As you read this, I am on my way to the Upper Missouri Breaks National Monument for some backcountry camping, and maybe some coyote hunting. You see, to me, sitting inside my apartment by myself for weeks on end sounds like an especially cruel form of torture. So when I heard everything would be closing down and human interaction was strongly discouraged, I decided I would escape to a place where being alone is a bonus.

In the great outdoors, I want to be alone. The peace, quiet, and solitude are restorative to my mind and spirit, unlike the loneliness and depression that sets in when locked inside for extended periods of time. There are numerous studies that show real mental health benefits to outdoor activity, benefits that include “psychological healing” and “reductions in stress and anxiety.” Setting out into the wilderness also gives me an opportunity to stay active instead of lounging on the couch for weeks on end. There is probably no better way to train for elk hunting than putting on a heavy pack and hiking into the mountains.
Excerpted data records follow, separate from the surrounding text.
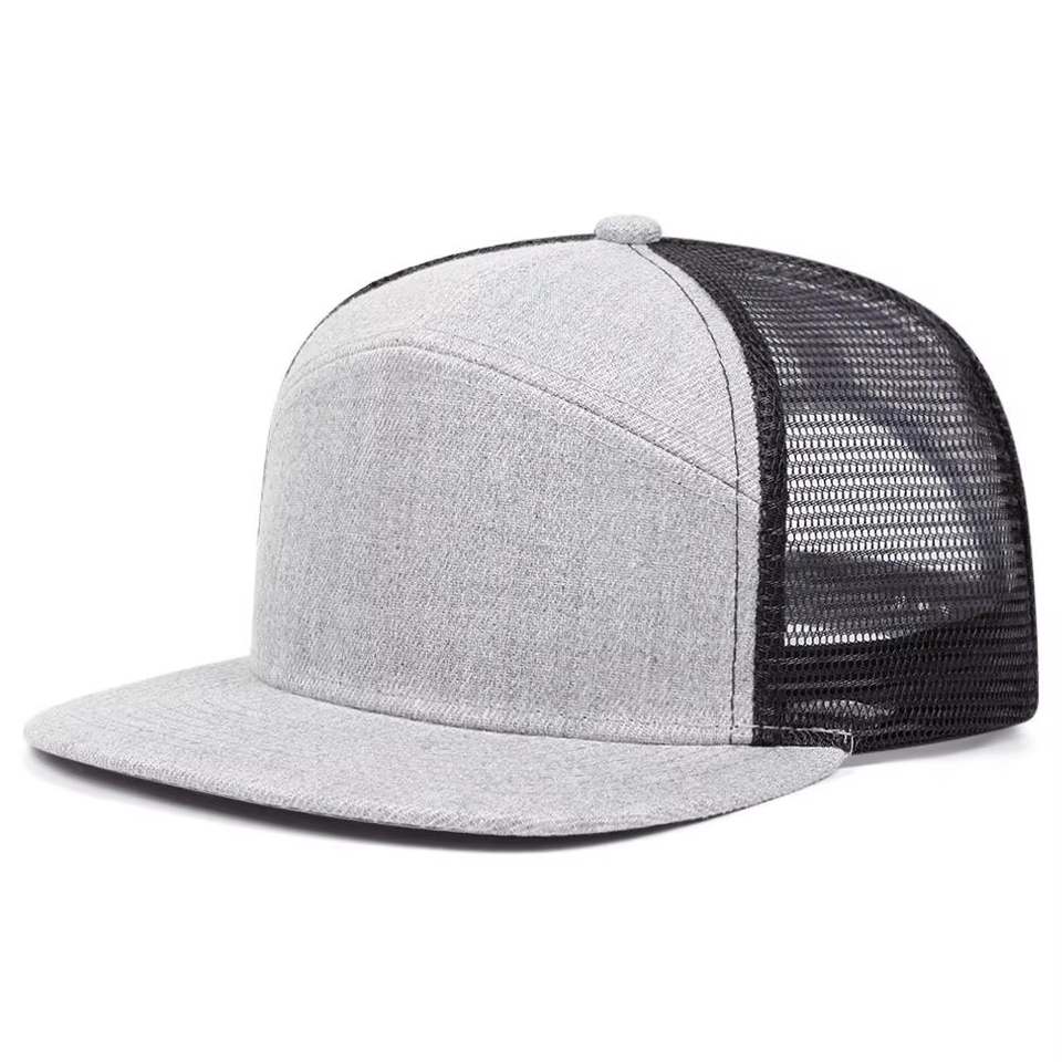 OEM nuevo logotipo personalizado al por mayor de 5 paneles de camionero de alta calidad de algodón de malla sombrero Unisex Street Style bordado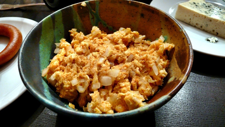 And another type of cheese, with the addition of spices and minced onion, very delicious.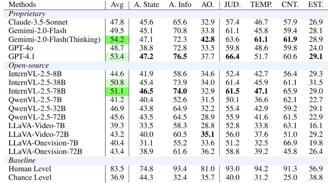 (2) 补考的结果表明:复杂线索条件下的空间推理能力不足与长期记忆检索机制薄弱是当前模型在在线时空理解任务中准确率受限的两大关键因素。

Let’s use this forced break from work and social interaction to get outside. Even if you can’t make it out to a wilderness area or national park (yes, many of them are still open as of this writing), head to your local state park, or even pitch a tent in the backyard and convince your kids they’re on an adventure to break the monotony. Go for walks. In this crazy and uncertain time, the boost to your mood you’ll experience by getting out into nature can make all the difference.